Managing Heavy Periods and Clotting
Treatment depends on the underlying cause, but several options can reduce both bleeding volume and clot size. Anti-inflammatory pain relievers like ibuprofen and naproxen don’t just ease cramps. They also reduce menstrual blood loss. In studies, naproxen taken at the start of a period reduced blood loss by 37 to 54 mL compared to a placebo. Ibuprofen at adequate doses showed similar reductions.
A medication that helps blood clot more effectively, often prescribed specifically for heavy periods, has been shown to reduce menstrual blood loss even further. In one comparison, it decreased blood loss by an additional 73 mL per cycle beyond what anti-inflammatory drugs achieved alone.
Hormonal options work by regulating the cycle and thinning the uterine lining.
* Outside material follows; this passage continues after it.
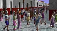 Uno dei più ambiziosi progetti di ricostruzione e di navigazione in tempo reale di un ambiente urbano dell'antichità, che si caratterizza anche per un più soddisfacente livello di dettaglio degli oggetti 3d, è "Rome Reborn", frutto del lavoro condotto dall'Institute for Advanced Technology in the Humanities della University of Virginia in collaborazione con varie istituzioni scientifiche internazionali, tra cui l'UCLA Cultural Virtual Reality Laboratory, l'Università di Caen, il Politecnico di Milano, il quale dal novembre 2008 è stato reso fruibile su Google Earth. Il modello tridimensionale mostra l'intera città di Roma compresa all'interno delle mura aureliane così come essa doveva apparire nel 320 d.C. (fig. 107c) ed è costituito da due tipi di elementi: uno è quello degli edifici principali e più documentati, che sono stati ricostruiti con maggiore accuratezza e sono navigabili anche internamente - ne sono stati realizzati per il momento 32 -; l'altro, largamente maggioritario, stimato in circa 7.000/10.000 unità, è quello delle fabbriche che sono andate perdute, prevalentemente abitazioni, le quali sono ipoteticamente ricostruibili solo in base a confronti tipologici. Per la realizzazione di questa seconda classe di edifici, che sono visibili solo dall'esterno, si è partiti dalla scansione 3d del grande plastico della Roma costantiniana esposto al Museo della Civiltà Romana; sono state poi arricchite le forme delle case con un maggiore dettaglio degli elementi architettonici (soprattutto porte, finestre e balconi) e facendo uso di texture.
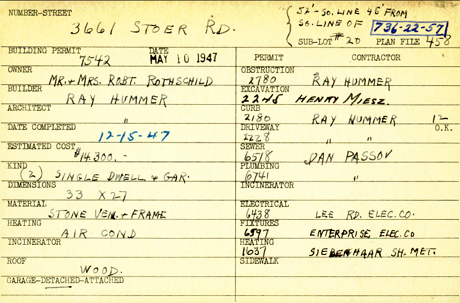 3661 Stoer Road Shaker Heights, OH 44122 PARCEL ID: 736-22-057 Building Permit Date: 05-10-1947 Plan File Number: 458 all scanned Microfilm Roll: Roll004 Neighborhood: Sussex Owner: Rothschild, Mr. and Mrs. Robert Builder: Hummer, Ray Architect: Hummer, Ray Estimated Cost: 14300 Date Completed: 12-15-1947 Kind: Single Dwelling and Garage (2) Material: Stone Veneer and Frame Heating: Air Conditioned Roof: Wood Garage: detached |

Birth control pills, hormonal IUDs, and oral progesterone can all significantly reduce bleeding. A hormonal IUD is one of the most effective options for long-term management, since it delivers progesterone directly to the uterine lining. For fibroids or adenomyosis that don’t respond to medication, procedures to remove fibroids or, in severe cases, the uterus itself may be recommended.
Small clots on your heaviest days are a normal part of menstruation and don’t require any treatment. The line worth paying attention to is the quarter: if your clots are consistently that size or bigger, or you’re soaking through protection every hour or two, the cause is worth identifying because effective solutions exist for nearly every scenario.